The book begins with an example that is familiar to everybody who drives a car. It is calculus in action—the driver sees it happening. The example is the relation between the speedometer and the odometer. One measures the speed (or **velocity**); the other measures the **distance traveled**. We will write v for the velocity, and ƒ for how far the car has gone. The two instruments sit together on the dashboard:

[Fig. 1.1]

Notice that the units of measurement are different for v and f.The distance ƒ is measured in kilometers or miles (it is easier to say miles). The velocity v is measured in km/hr or miles per hour. A unit of time enters the velocity but not the distance. Every formula to compute v from ƒ will have f divided by time.

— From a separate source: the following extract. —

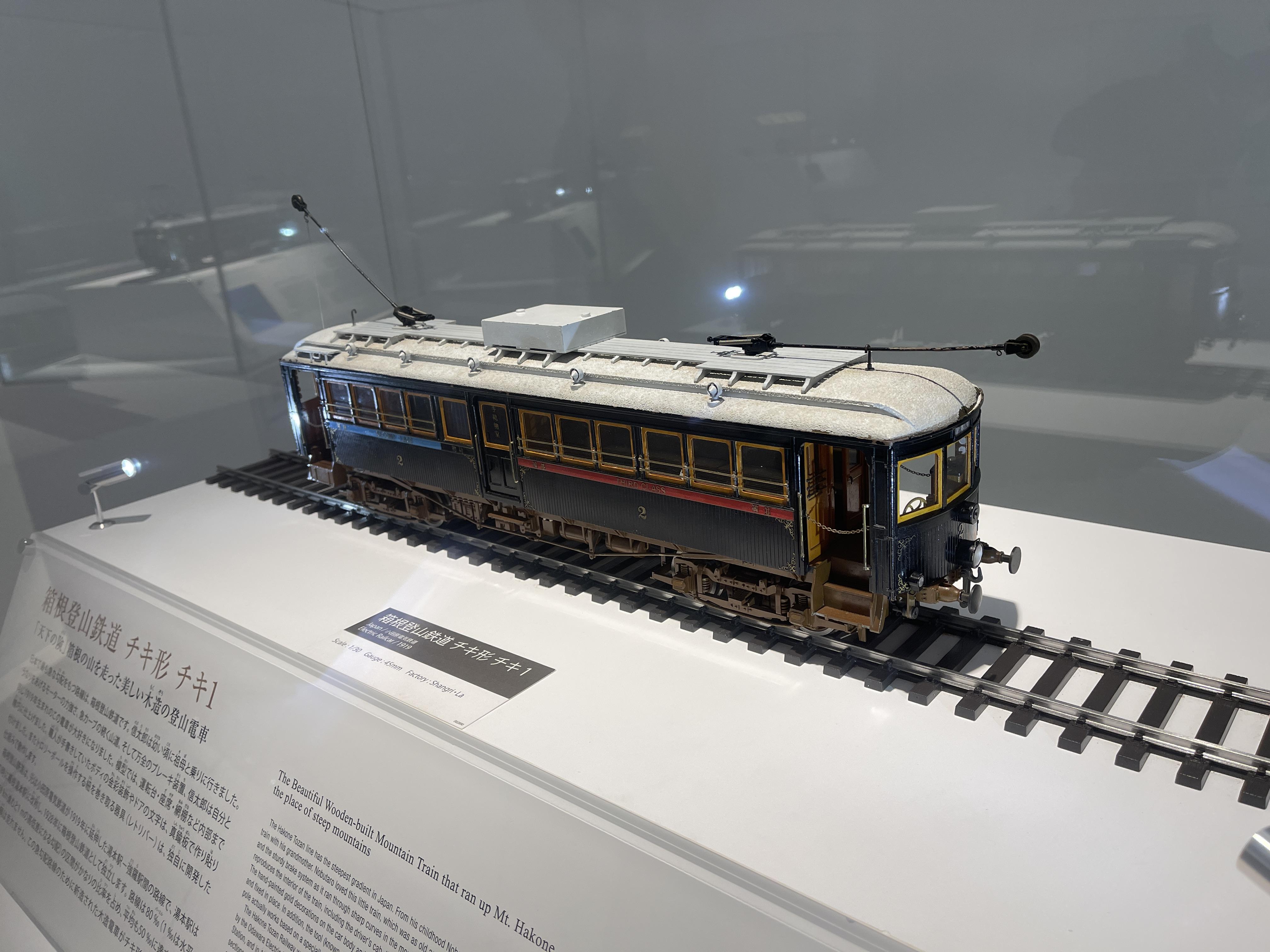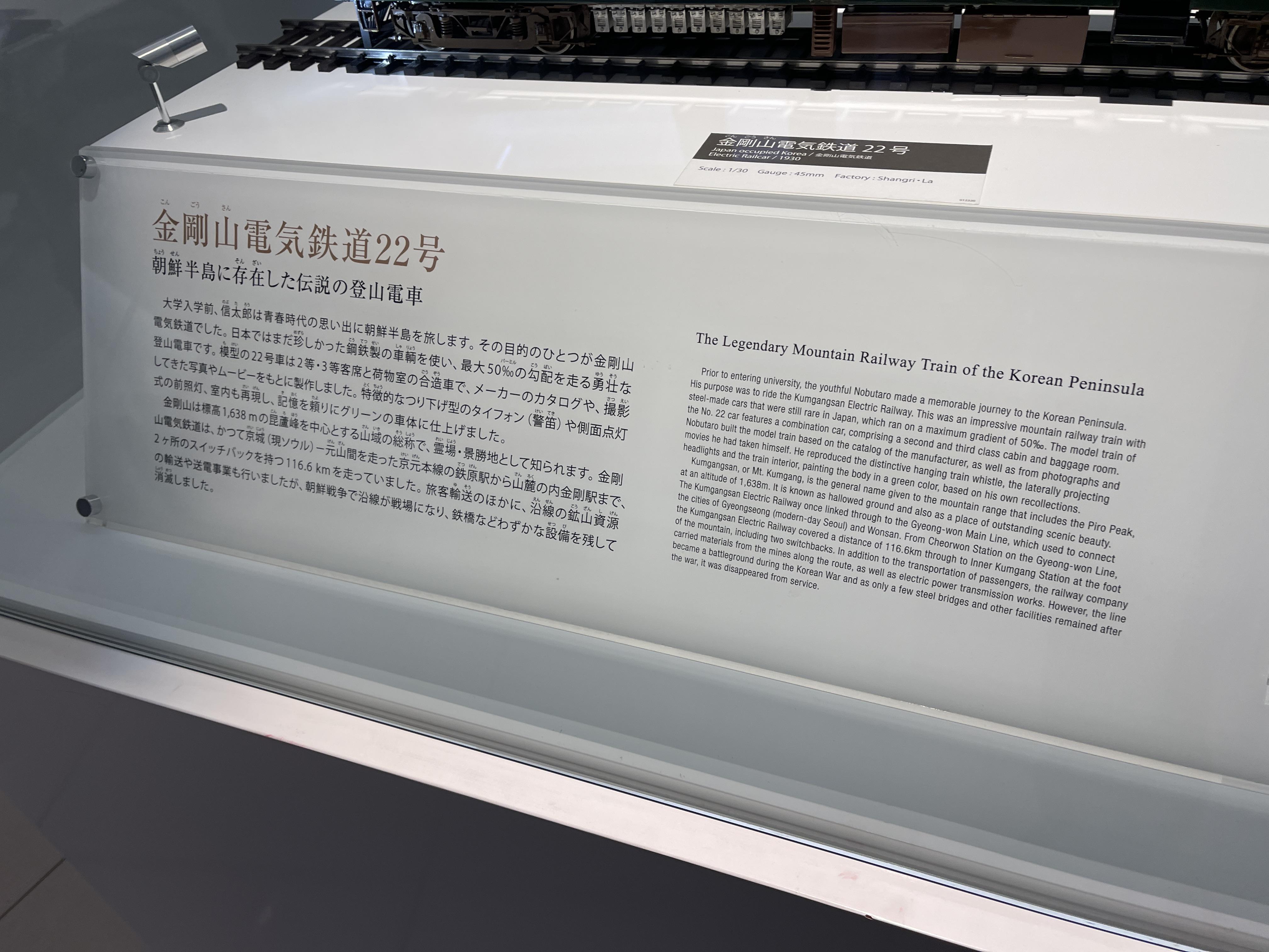 모형 앞에 붙은 이름표에 적힌 글자는 金剛山電気鉄道22号.

**The central question of calculus is the relation between v and ƒ.**

Can you find v if you know ƒ, and vice versa, and how? If we know the velocity over the whole history of the car, we should be able to compute the total distance traveled. In other words, if the speedometer record is complete but the odometer is missing, its information could be recovered. One way to do it (without calculus) is to put in a new odometer and drive the car all over again at the right speeds. That seems like a hard way; calculus may be easier. But the point is that the information is there. If we know everything about v, there must be a method to find ƒ.

What happens in the opposite direction, when ƒ is known? If you have a complete record of distance, could you recover the complete velocity? In principle you could drive the car, repeat the history, and read off the speed. Again there must be a better way.

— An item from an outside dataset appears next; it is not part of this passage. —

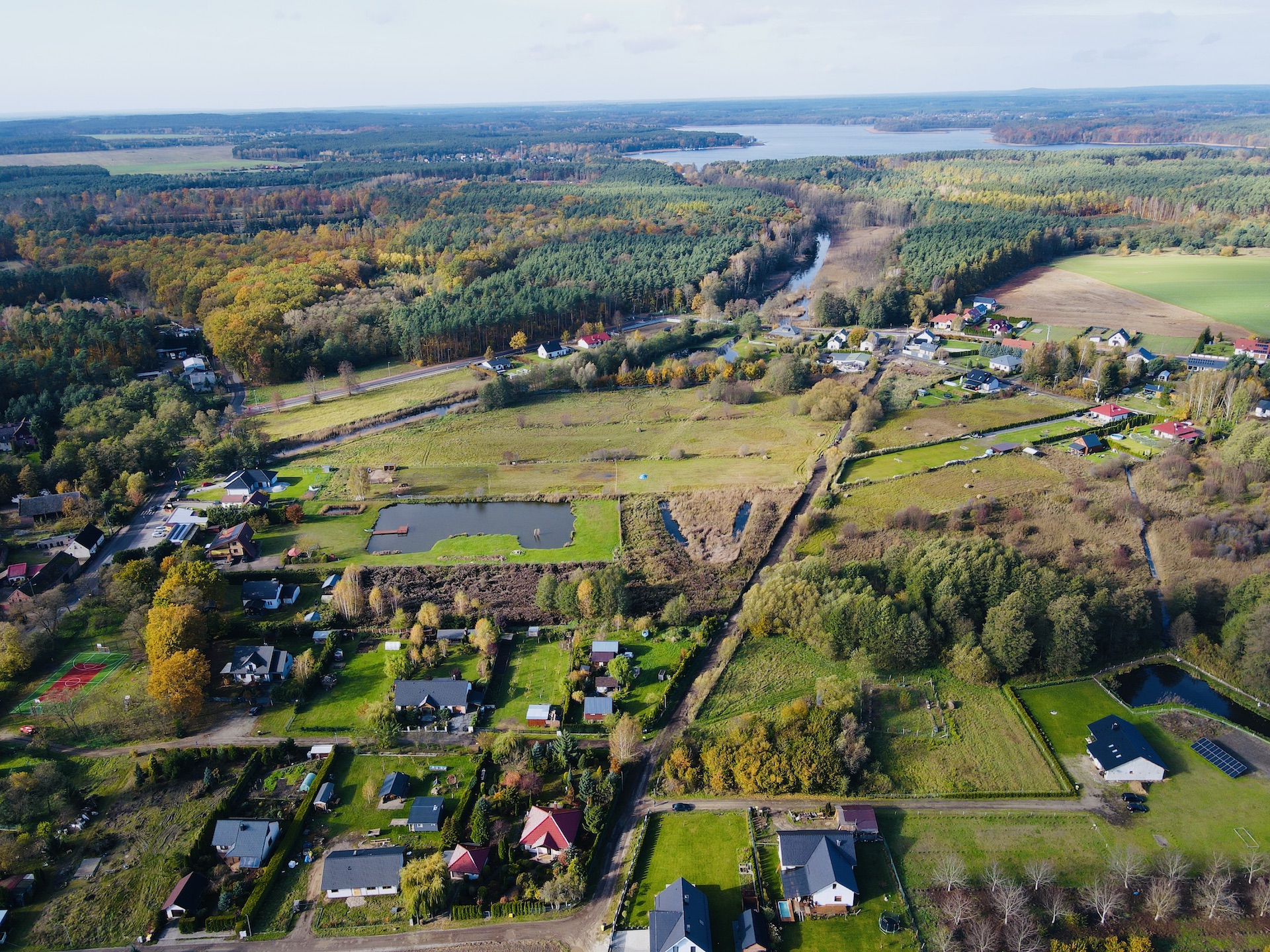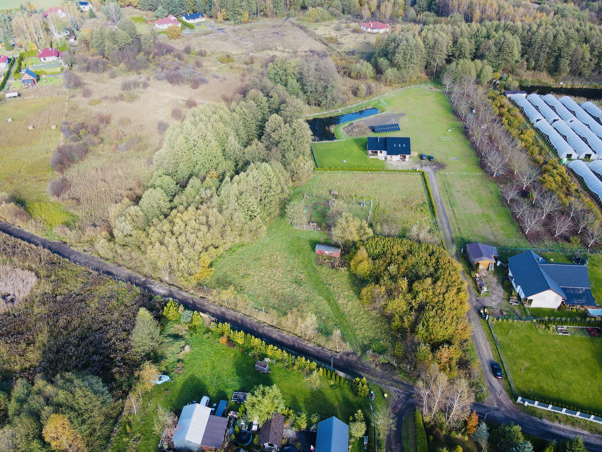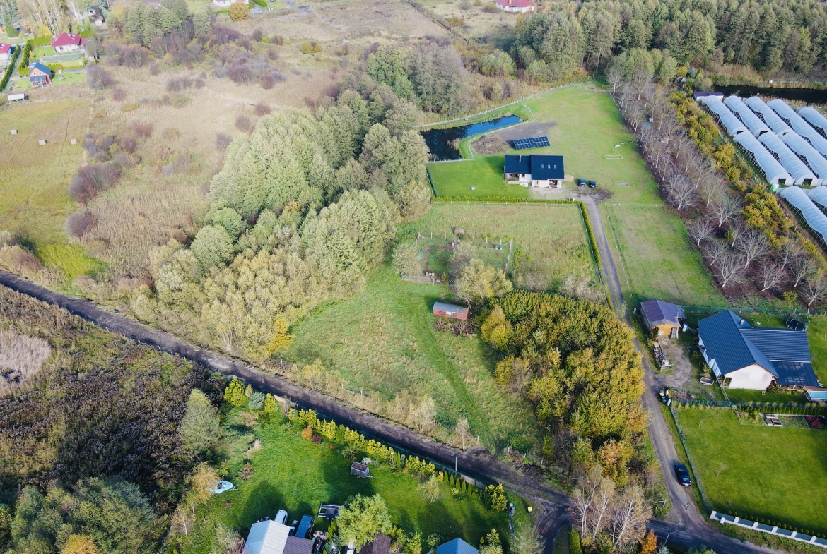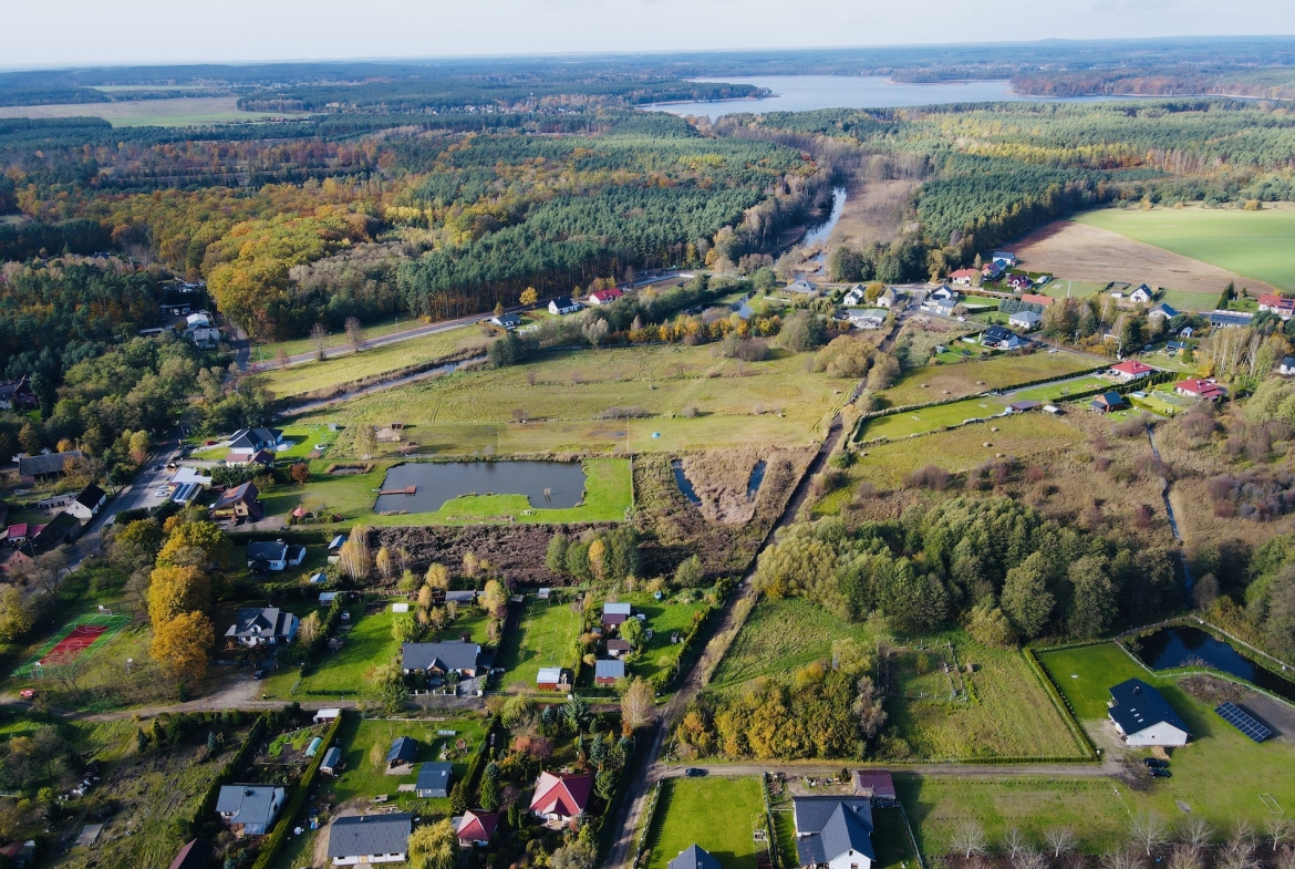 Otoczenie to malownicze lasy, pola i pojedyncze zabudowania, idealna przestrzeń dla osób, które marzą o własnym kawałku ziemi w spokojnym, zielonym miejscu. W sąsiedztwie znajdują się domy jednorodzinne, a dojazd do Świebodzina zajmuje zaledwie kilka minut.

The whole subject of calculus is built on the relation between v and ƒ. The question we are raising here is not some kind of joke, after which the book will get serious and the mathematics will get started. On the contrary, I am serious now-and the mathematics has already started. We need to know how to find the velocity from a record of the distance. (That is called **differentiation**, and it is the central idea of **differential calculus**.) We also want to compute the distance from a history of the velocity. (That is **integration**, and it is the goal of **integral calculus**.)

Differentiation goes from ƒ to v; integration goes from v to ƒ. We look first at examples in which these pairs can be computed and understood.

Suppose the velocity is fixed at v=60 (miles per hour). Then f increases at this constant rate. After two hours the distance is ƒ=120 (miles). After four hours f=240 and after t hours ƒ=60t. We say that ƒ increases **linearly** with time—its graph is a straight line.

[Fig. 1.2]

Notice that this example starts the car at full velocity. No time is spent picking up speed. (The velocity is a "step function".) Notice also that the distance starts at zero; the car is new. Those decisions make the graphs of v and f as neat as possible. One is the horizontal line v=60. The other is the sloping line ƒ=60t. This v, ƒ, t relation needs algebra but not calculus:

**if v is constant and ƒ starts at zero then ƒ = vt.**

The opposite is also true. When ƒ increases linearly, v is constant. The division by time gives the slope. The distance is ƒ_{1}=120 miles when the time is t_{1}=2 hours. Later ƒ_{2}=240 at t_{2}=4. At both points, the ratio ƒ/t is 60 miles/hour. Geometrically, **the velocity is the slope of the distance graph**:

slope = change in distance ⁄ change in time = vt ⁄ t = v.

[Fig. 1.3]

The slope of the ƒ-graph gives the v-graph. Figure 1.3 shows two more possibilities:

- The distance starts at 20 instead of 0. The distance formula changes from 60t to 20 + 60t. The number 20 cancels when we compute change in distance—so the slope is still 60.
- When v is negative, the graph of ƒ goes downward. The car goes backward and the slope of ƒ = -30t is v = -30.

I don't think speedometers go below zero. But driving backwards, it's not that safe to watch. If you go fast enough, Toyota says they measure "absolute values"—the speedometer reads +30 when the velocity is -30. For the odometer, as far as I know it just stops. It should go backward.*1

How do you compute ƒ from v? The point of the question is to see ƒ = vt on the graphs. We want to start with the graph of v and discover the graph of ƒ. Amazingly, the opposite of slope is area.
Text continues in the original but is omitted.